WHAT TO PRODUCE
Only the lines below from the one that holds "Köln, 16.1.2024. Kölner" through the one that holds "Small Vintage Leather" should appear in the answer, copied exactly, end lines included and pictures omitted.

STORED DATA
· · · · ·
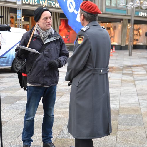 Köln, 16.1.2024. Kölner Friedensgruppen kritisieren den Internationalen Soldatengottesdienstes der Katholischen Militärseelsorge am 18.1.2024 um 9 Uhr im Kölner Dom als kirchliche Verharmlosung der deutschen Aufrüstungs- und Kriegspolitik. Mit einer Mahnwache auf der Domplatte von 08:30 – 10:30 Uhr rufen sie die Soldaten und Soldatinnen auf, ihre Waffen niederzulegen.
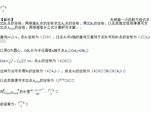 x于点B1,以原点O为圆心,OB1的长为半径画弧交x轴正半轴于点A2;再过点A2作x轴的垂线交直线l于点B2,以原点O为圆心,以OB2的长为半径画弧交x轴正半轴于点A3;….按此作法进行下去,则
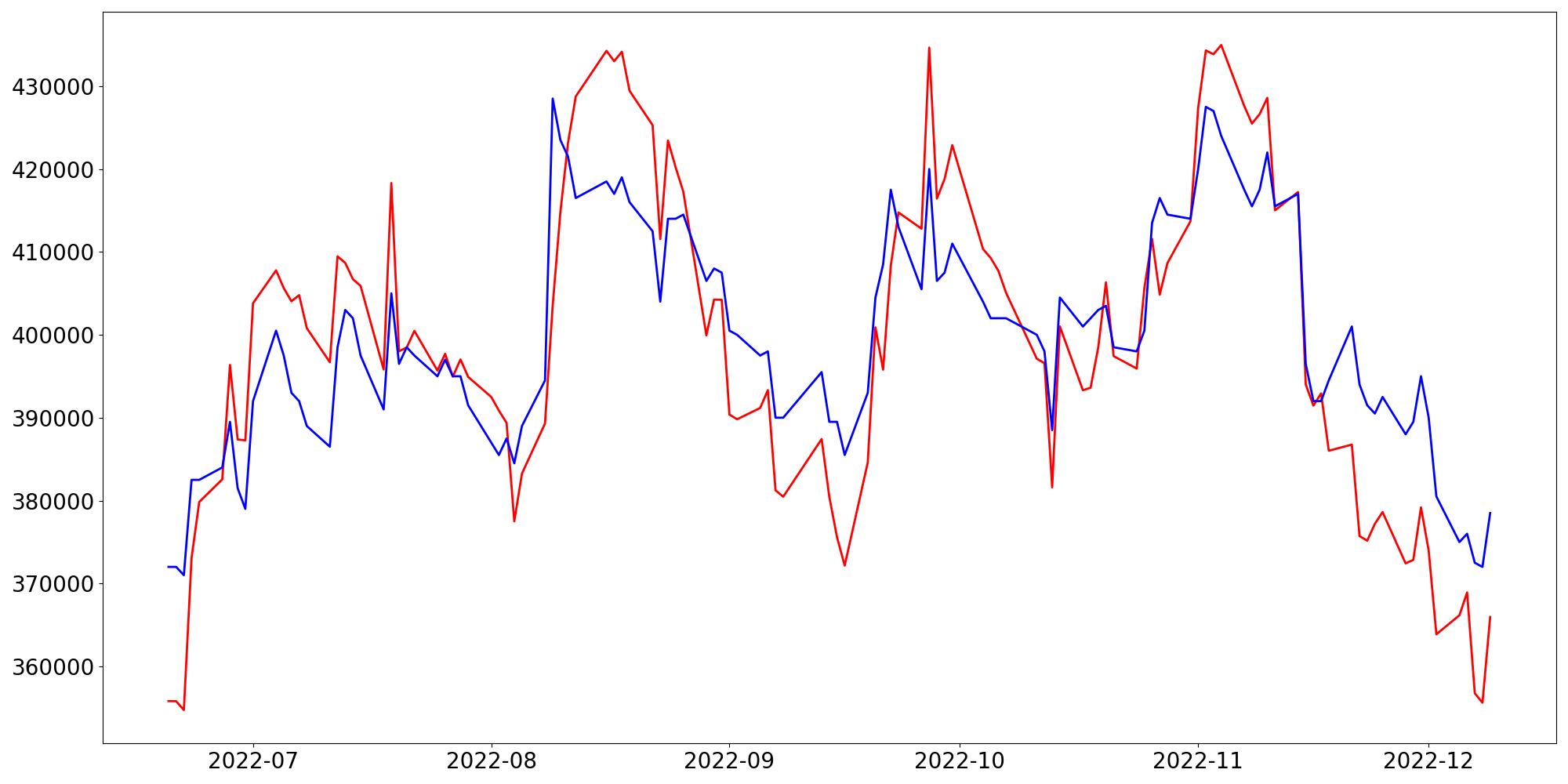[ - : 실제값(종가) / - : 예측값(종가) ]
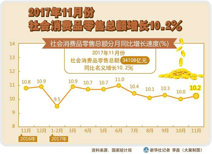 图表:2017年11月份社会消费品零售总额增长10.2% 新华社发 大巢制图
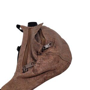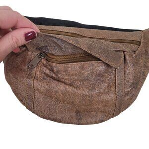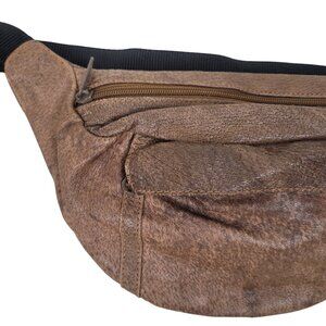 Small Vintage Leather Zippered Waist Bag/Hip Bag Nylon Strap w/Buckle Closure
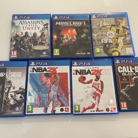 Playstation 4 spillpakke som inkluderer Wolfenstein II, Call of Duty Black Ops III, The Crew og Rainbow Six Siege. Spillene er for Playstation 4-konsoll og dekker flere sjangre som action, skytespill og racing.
· · · · ·
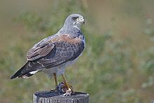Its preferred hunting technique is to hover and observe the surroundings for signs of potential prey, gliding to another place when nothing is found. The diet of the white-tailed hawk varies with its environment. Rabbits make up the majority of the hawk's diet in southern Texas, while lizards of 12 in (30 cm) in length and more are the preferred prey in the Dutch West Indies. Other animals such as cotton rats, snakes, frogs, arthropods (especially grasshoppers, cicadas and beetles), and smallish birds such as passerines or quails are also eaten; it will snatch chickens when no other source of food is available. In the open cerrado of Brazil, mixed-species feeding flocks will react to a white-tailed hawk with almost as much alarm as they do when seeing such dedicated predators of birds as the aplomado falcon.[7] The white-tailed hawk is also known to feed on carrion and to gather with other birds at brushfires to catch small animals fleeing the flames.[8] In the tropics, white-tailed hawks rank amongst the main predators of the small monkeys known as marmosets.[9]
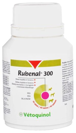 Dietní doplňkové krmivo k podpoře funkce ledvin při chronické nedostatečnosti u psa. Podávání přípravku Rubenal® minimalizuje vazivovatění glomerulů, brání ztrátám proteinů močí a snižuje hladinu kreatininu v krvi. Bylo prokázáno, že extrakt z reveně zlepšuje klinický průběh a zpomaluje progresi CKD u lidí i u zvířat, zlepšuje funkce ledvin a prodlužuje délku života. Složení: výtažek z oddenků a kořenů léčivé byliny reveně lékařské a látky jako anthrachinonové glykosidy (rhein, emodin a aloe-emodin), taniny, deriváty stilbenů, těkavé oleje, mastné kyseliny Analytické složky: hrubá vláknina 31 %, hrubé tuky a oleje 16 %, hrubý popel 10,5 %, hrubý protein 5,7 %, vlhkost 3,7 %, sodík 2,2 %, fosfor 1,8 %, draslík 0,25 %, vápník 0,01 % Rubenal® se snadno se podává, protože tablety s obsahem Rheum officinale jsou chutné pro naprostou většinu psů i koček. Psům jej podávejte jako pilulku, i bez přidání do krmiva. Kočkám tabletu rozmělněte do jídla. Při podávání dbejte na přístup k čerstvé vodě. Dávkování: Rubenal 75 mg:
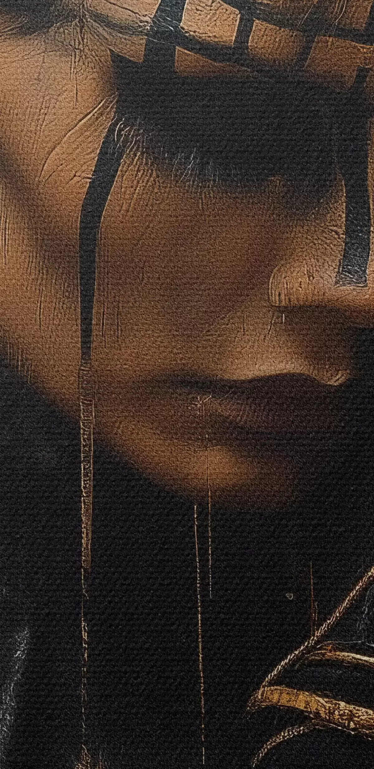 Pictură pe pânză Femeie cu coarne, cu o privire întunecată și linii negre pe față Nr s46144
· · · · ·
ANSWER TO THIS TASK
 Köln, 16.1.2024. Kölner Friedensgruppen kritisieren den Internationalen Soldatengottesdienstes der Katholischen Militärseelsorge am 18.1.2024 um 9 Uhr im Kölner Dom als kirchliche Verharmlosung der deutschen Aufrüstungs- und Kriegspolitik. Mit einer Mahnwache auf der Domplatte von 08:30 – 10:30 Uhr rufen sie die Soldaten und Soldatinnen auf, ihre Waffen niederzulegen.
 x于点B1,以原点O为圆心,OB1的长为半径画弧交x轴正半轴于点A2;再过点A2作x轴的垂线交直线l于点B2,以原点O为圆心,以OB2的长为半径画弧交x轴正半轴于点A3;….按此作法进行下去,则
[ - : 실제값(종가) / - : 예측값(종가) ]
 图表:2017年11月份社会消费品零售总额增长10.2% 新华社发 大巢制图
 Small Vintage Leather Zippered Waist Bag/Hip Bag Nylon Strap w/Buckle Closure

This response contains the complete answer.